You no doubt saw a youth dressed up in what looks like the singer 50-Cent: a certain type of cap, seated above his forehead under a certain angle; a long lousy t-shirt and a baggy pair of jeans that look like they are about to fall down; colorful, shining pair of snickers. A hip-hop/rap fan, you think. Whether he is truly into that sort of music or even finds comfortable dressing as he does is another question. He follows the social code of those who are fans of that type of music and lifestyle, personified by the singer. His self-image is of someone stylish and who is into hip-hop/rap. Music is his thing, and he loves hanging out with those who are like him, i.e. appearance-wise look like him and have similar tastes in music, and thinks of those as his close circle/family and key to his future success. Whether he attains that success is another story.

We gather information, through our personal experiences, stories we read or hear about and we build our stereotypes about all aspects of life as well as success. We then dogmatize these stereotypes, build generalization upon them, draw number of characteristic criteria from those generalization and then freely apply those criteria in order to identify and describe multiple facets of our lives.

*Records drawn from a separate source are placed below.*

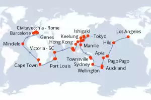 États-Unis,Samoa,Fidji (Îles),Nouvelle-Zélande,Australie,Philippines,Taïwan,Japon,Corée du Sud,Chine,Vietnam,Singapour,Malaisie,Seychelles,Maurice,Afrique du Sud,Namibie,Cap-Vert,Italie,France,Espagne Itinéraire: Los Angeles , Hilo , Pago Pago , Apia , Suva , Auckland , Auckland , Wellington , Sydney , Sydney , Townsville , Cairns , Manille , Manille , Keelung , Ishigaki , Naha , Tokyo , Tokyo , Nagasaki , Busan , Shanghai , Hong Kong , Da Nang , Singapour , Port Klang , Penang , Victoria - SC , Port Louis , Port Louis , La possession , Cape Town , Cape Town , Walvis Bay , Mindelo , Civitavecchia - Rome , Livourne , Genes , Marseille , Barcelone Pension Complète MSC Magnifica 102 jours Cabine standard Los Angeles 06/02/2026 dès 12882 € Internet à bord Clubs Enfants dès 3 ans Enfants Gratuits jusqu'à 12 ans Pension Complète Voir les offres
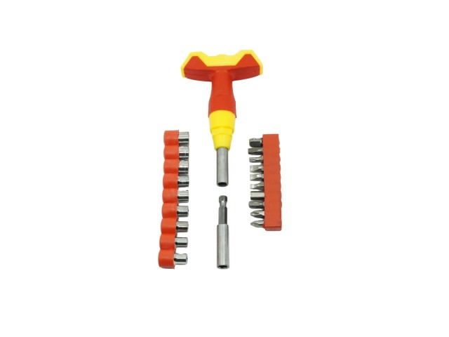 Univerzální a kompaktní sada od značky Asist obsahuje vše potřebné pro šroubování a utahování v domácnosti, dílně i na cestách. Ergonomický T-šroubovák poskytuje lepší přenos síly a komfort při práci.Obsah balení (20 ks):1× T-šroubovák – ergonomická rukojeť ve tvaru T pro vyšší krouticí moment11× bit – různé druhy šroubovacích nástavců (ploché, křížové, torx atd.)9× nástrčná hlavice – pro šrouby a matice různých velikostí
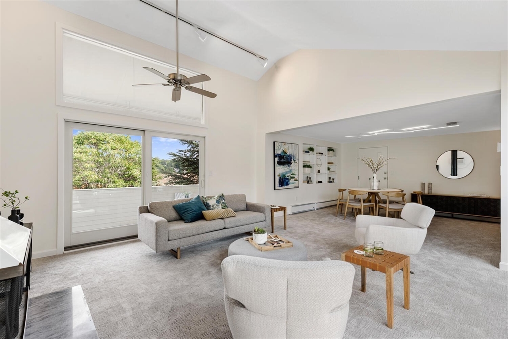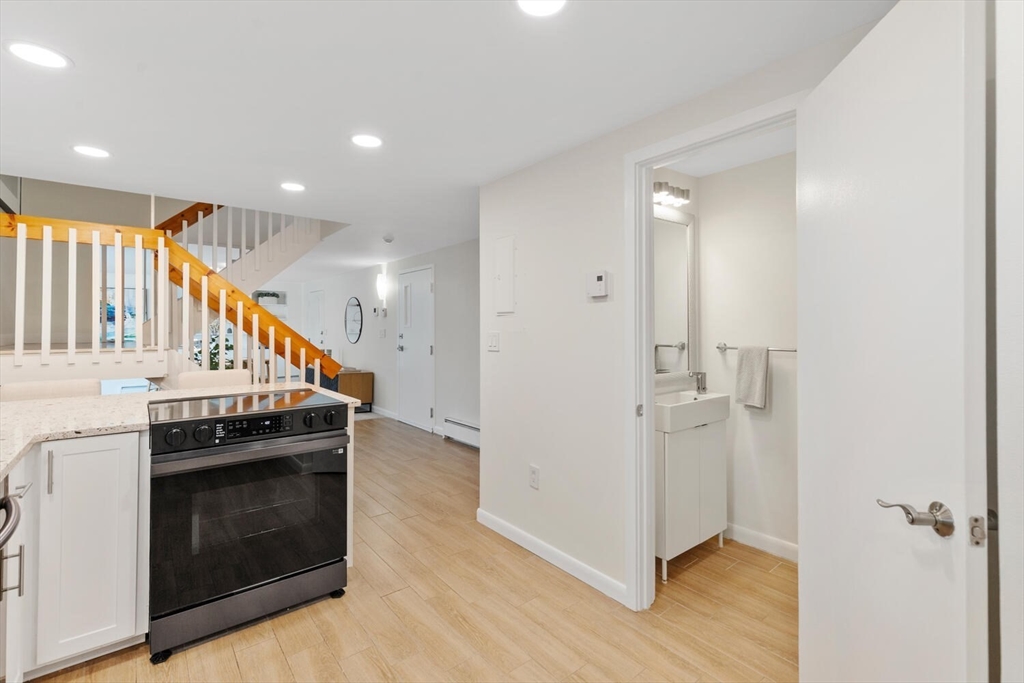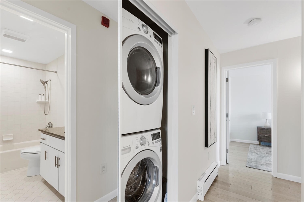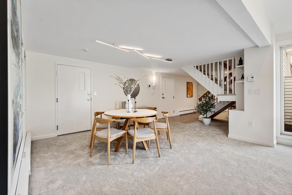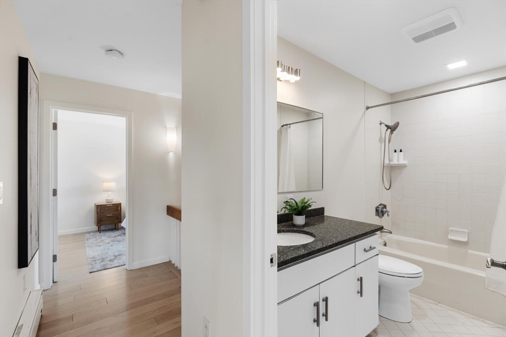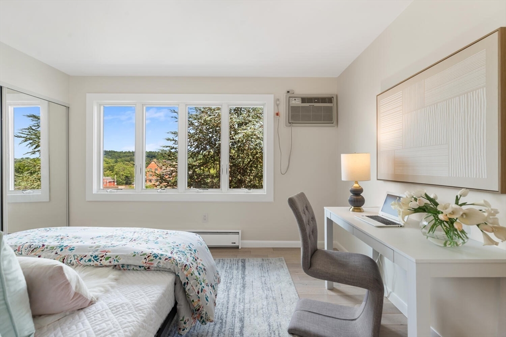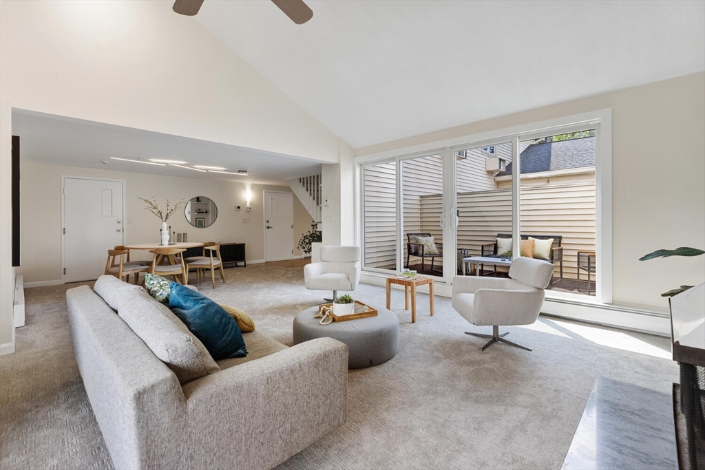Immerse yourself in the vibrant heart of Winchester Center with this exquisite 2-bedroom, 1.5-bathroom condominium! Step into the open-concept living and dining area, where a modern touch meets downtown flair. A rare freestanding wood-burning fireplace accentuates the space, offering warmth and a touch of classic charm. Delight in the recently renovated kitchen, designed for both style and utility. The unit boasts two expansive rooftop patios, offering boundless possibilities. Whether you envision a tranquil retreat under the stars or a sophisticated dining area overlooking the vibrant town center, these outdoor spaces are sure to inspire. Practical features include abundant storage, in-unit laundry, ensuring convenience, and one off-street parking space. This prime location allows you to walk to the BRAND NEW commuter rail, grocery store, restaurants, shops, and everything our idyllic town center has to offer—enhancing the ease of daily life!

Wise words from the movie “Forbidden Kingdom” need to remind us what the success really is. The protagonist of the movie, American teenager Jason, who is a fan of martial arts, magically finds himself in ancient China and meets a number of idiosyncratic characters. Jason’s story-line resembles much our own. In one episode, while he is training in kung-fu, the background narration cites:

Learn the form, but seek the formless. Hear the soundless. Learn it all, then forget it all. Learn The Way, then find your own way.

Imitation, at its best, is the stage of “learning the form.” We learn what has been taught and reached us, the universal truths and wisdoms, the lives of success. 99% of us stop here. We live our lives following or imitating, never going any further.

The path to success goes further. It includes internalization of those wisdoms and experiences of others into ourselves, making the transition from mind (as a purely intellectual) to heart (realm of feelings and experiences).

And finally, it includes “finding you own way,” based on all that was learnt and internalized.

We are the ones that will shape the form as well as details of our own success, just like those great personalities and visionaries did back in their times – not one of them came to be successful, visionary, or important by imitation, but by creation and recreation of themselves.